• Exercise description
In this exercise, retype exactly and only the lines from the top of the entries below through the line that holds "兩江新區(qū)火鍋一條街中渝愛都會小區(qū)外墻保溫材料松動。", omitting pictures.

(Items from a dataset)

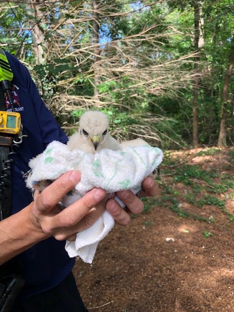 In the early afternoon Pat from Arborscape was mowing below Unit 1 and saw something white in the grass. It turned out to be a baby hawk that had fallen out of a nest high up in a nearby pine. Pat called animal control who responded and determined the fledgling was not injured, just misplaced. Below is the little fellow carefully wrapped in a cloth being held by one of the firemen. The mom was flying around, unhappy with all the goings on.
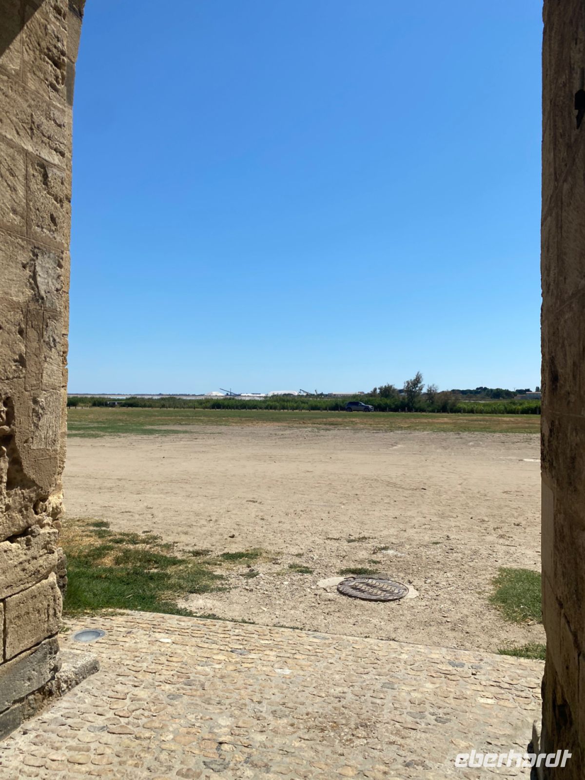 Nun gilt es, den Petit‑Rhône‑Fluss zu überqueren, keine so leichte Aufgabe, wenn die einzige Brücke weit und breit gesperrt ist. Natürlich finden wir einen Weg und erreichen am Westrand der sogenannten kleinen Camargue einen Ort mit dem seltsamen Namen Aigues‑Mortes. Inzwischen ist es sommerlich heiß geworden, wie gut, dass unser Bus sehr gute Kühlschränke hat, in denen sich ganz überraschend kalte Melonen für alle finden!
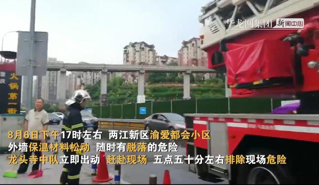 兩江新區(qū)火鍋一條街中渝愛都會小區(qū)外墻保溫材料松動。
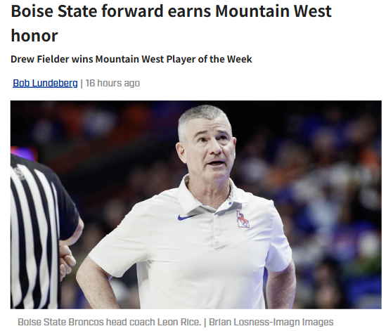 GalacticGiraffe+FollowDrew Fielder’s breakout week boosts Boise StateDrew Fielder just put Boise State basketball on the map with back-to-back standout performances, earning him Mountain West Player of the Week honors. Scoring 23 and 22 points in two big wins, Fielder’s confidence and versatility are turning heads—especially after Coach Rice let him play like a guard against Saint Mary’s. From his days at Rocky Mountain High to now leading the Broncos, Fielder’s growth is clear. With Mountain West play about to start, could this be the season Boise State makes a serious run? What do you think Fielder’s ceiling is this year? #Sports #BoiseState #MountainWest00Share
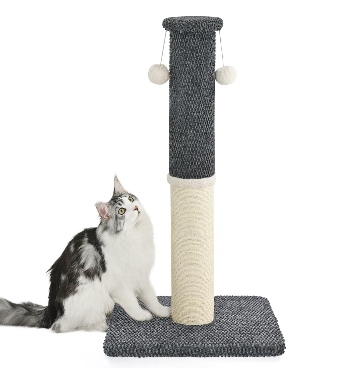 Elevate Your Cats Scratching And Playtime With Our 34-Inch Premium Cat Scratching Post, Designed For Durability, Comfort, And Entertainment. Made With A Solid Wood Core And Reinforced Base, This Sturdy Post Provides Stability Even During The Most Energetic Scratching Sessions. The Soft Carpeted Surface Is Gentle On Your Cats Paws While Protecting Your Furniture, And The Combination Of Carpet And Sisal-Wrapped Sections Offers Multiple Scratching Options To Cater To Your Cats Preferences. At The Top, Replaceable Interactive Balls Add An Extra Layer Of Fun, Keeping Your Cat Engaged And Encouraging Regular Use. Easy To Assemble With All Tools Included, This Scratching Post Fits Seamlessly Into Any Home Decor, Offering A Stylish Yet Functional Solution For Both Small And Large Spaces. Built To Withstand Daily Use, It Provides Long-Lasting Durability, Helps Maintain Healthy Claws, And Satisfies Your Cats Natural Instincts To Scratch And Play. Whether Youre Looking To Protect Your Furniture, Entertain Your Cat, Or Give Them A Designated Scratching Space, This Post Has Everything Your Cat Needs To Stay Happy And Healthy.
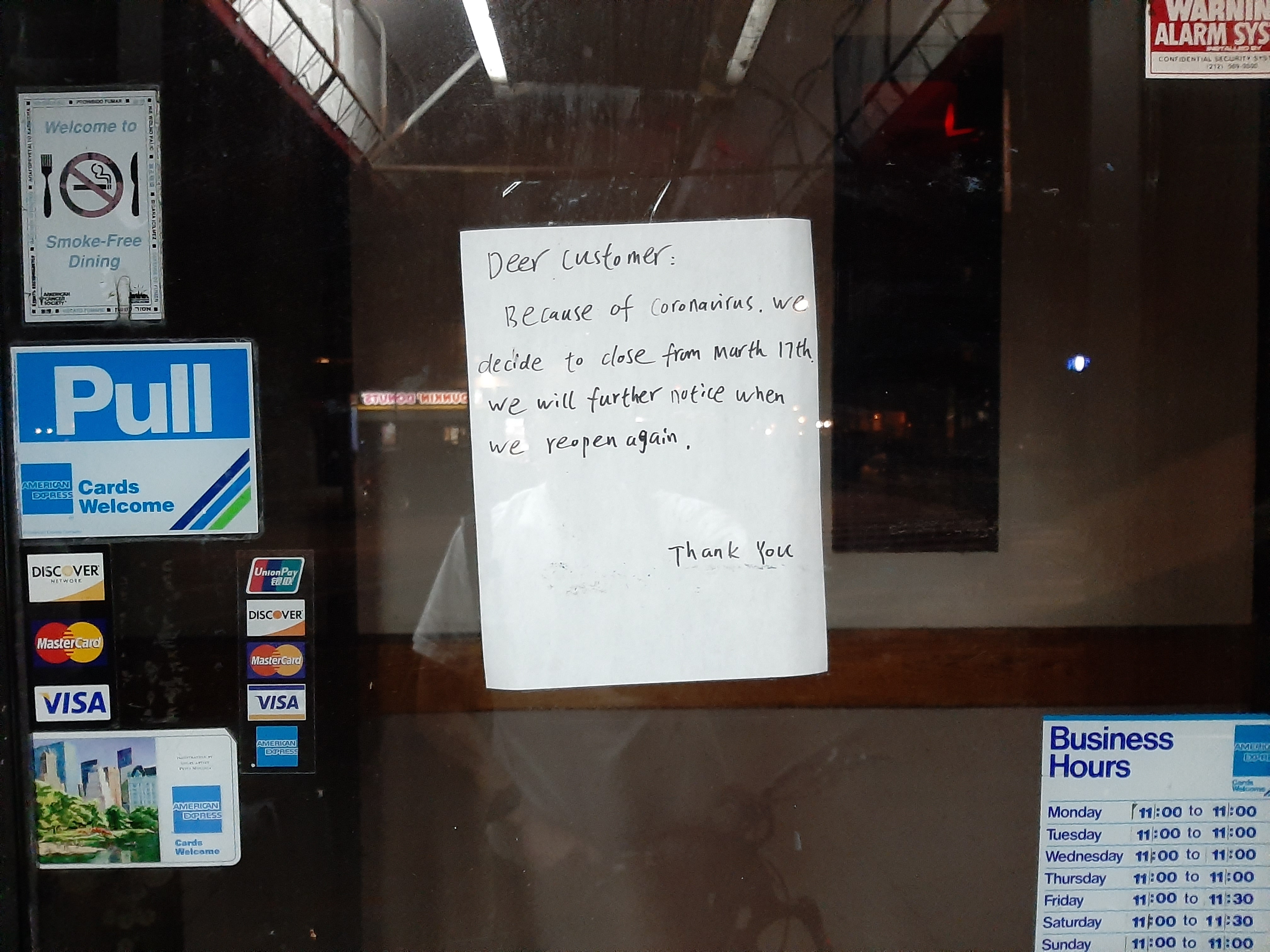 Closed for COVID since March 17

• Response to this exercise
 In the early afternoon Pat from Arborscape was mowing below Unit 1 and saw something white in the grass. It turned out to be a baby hawk that had fallen out of a nest high up in a nearby pine. Pat called animal control who responded and determined the fledgling was not injured, just misplaced. Below is the little fellow carefully wrapped in a cloth being held by one of the firemen. The mom was flying around, unhappy with all the goings on.
 Nun gilt es, den Petit‑Rhône‑Fluss zu überqueren, keine so leichte Aufgabe, wenn die einzige Brücke weit und breit gesperrt ist. Natürlich finden wir einen Weg und erreichen am Westrand der sogenannten kleinen Camargue einen Ort mit dem seltsamen Namen Aigues‑Mortes. Inzwischen ist es sommerlich heiß geworden, wie gut, dass unser Bus sehr gute Kühlschränke hat, in denen sich ganz überraschend kalte Melonen für alle finden!
 兩江新區(qū)火鍋一條街中渝愛都會小區(qū)外墻保溫材料松動。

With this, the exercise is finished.